Recent studies also emphasized the important roles of somatic mutations in the diagnoses and treatment strategy of ALAL[6,15-17]. These genetic data and our study both revealed that MPAL shared mutations with both AML and ALL, which indicated it would probably originated from early hematopoietic stem cells. B/M phenotype and T/M phenotype shared genetic alterations in the category of transcription factor and epigenetics, which was consistent with our findings. However, we did not observe the tendency towards to signaling pathway mutations of T/M and B/M cases as previous reported[16]. Limited number of patients may be the key reason. In this study, we analyzed 4 patients with AUL and 15 acute leukemia with mix-phenotype (BAL/MPAL) by high throughput sequencing and the results demonstrated these two sub-types of ALAL possessed different mutation files. We anticipate that the genetic information revealed by high throughput sequencing will innovate the medical care of ALAL in the future.

Another important point of view of our study is the deep exploration of the diagnostic system of ALAL. EGIL classification guideline was first proposed in 1995 and adopted in WHO criteria in 2001[2]. Updated WHO 2008/2016 classification implicated significant modification to the EGIL score system and quite a number of patients were eliminated outside ALAL diagnosis, just as we found in our study[4,5]. This part of patients was diagnosed as AML or ALL, and received corresponding treatment.
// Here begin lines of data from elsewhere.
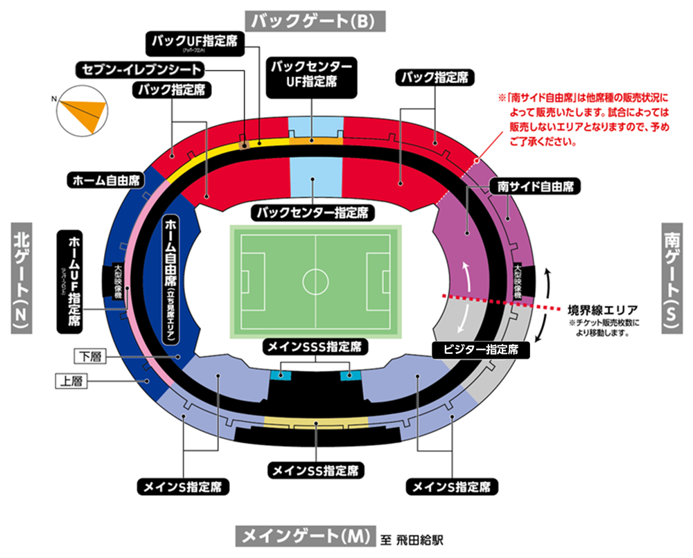 ※访客队的制服、商品的穿着,以及支持访客队的座位种类为上述的“主看台SS指定席 南侧”、“主看台S指定席 南侧”、“访客指定席”这三种座位,除此之外的所有座位均为FC东京的支持席。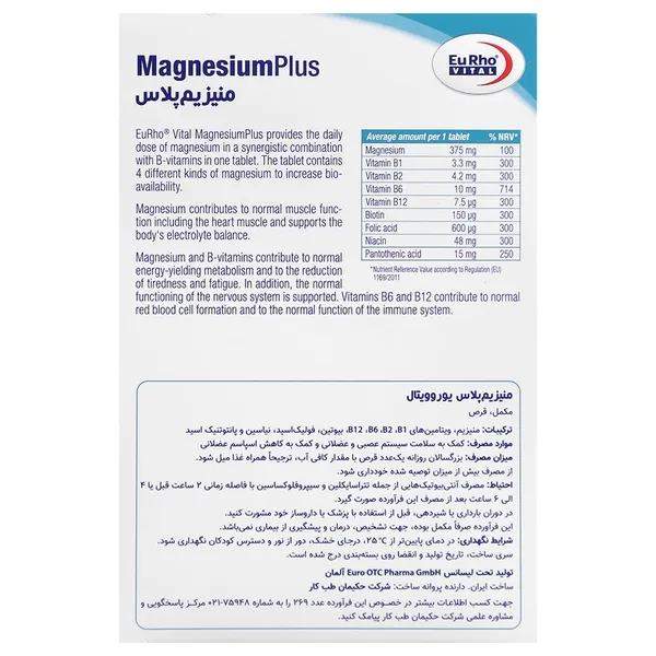 قرص منیزیم پلاس تحت لیسانس شرکت Euro OTC Pharma GmbH آلمان تولید و در هگمتان داروی غرب ایران بستهبندی میشود. هر بسته شامل 30 قرص است.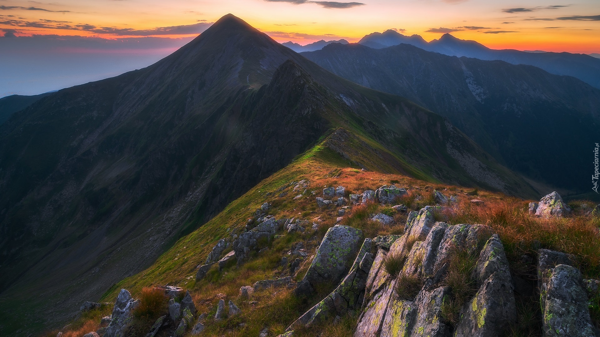 Edytor tapety: Widok ze szlaku na górskie szczyty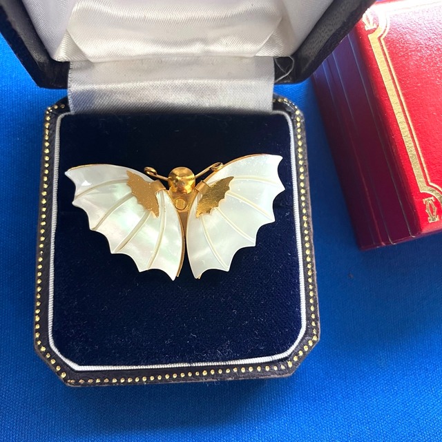ゴールドメタルに美しいマザーオブパールが使われた、とても素敵な蝶のデザインのヴィンテージブローチです。 【年代/国】1970-80年代/アメリカ 【実寸】2.5cm×4.3cm 【金具】バネピン/ゴールドメタル 【重さ】4g 【状態】ブローチ針に曲がりがありますが、使用に問題はありません。 金属に目立たない程度の小傷があります。 シェルパーツに元々の色むらや小傷があります。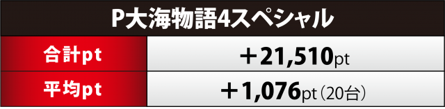 『大海4 SP』20台は1台あたりの平均が4桁となる数値でフィニッシュ。プレイヤーの勝利となったのは9台(約45%)と半数弱だったが、+1万オーバーに達したのは2台と少なかったのは悔しかった。

However, whether the remarkable change is suitable and beneficial for the patients is still controversial, and the conflict focuses on the part of patients excluded by the new WHO system[3,18]. In this study, we found the patients excluded by WHO system had an even worse prognosis (Log rank p = 0.016 for PFS and Log rank p = 0.016 for OS), which was consistent with a previous reported clinical study[19]. In spite of this, we also found that the patients, satisfied the EGIL criteria but excluded by WHO diagnose system, shared the similar basic characteristics and immunophenotype with the patients included as showed in Table 1. Of the 9 patients excluded by WHO from ALAL, 2 cases underwent high throughput sequencing, and the results showed both of them carried completed genetic mutations distributed in genes like PTEN, KRAS, JAK3, KMT2C, WT1, ETV6, TP53, JAK3, RUNX1, NOTCH1, PHF6, and CREBBP. One of them showed no response to conventional chemotherapy, and unfortunately died 83 days after the diagnose. This is the first study to investigate the genetic background of this part of patients, however, the number of patients is limited to describe the whole picture of these patients. As the diagnosis significantly dictates the therapeutic decision making, the clinical appliance of the WHO 2008/2016 criteria needs to be in more prospective clinical studies.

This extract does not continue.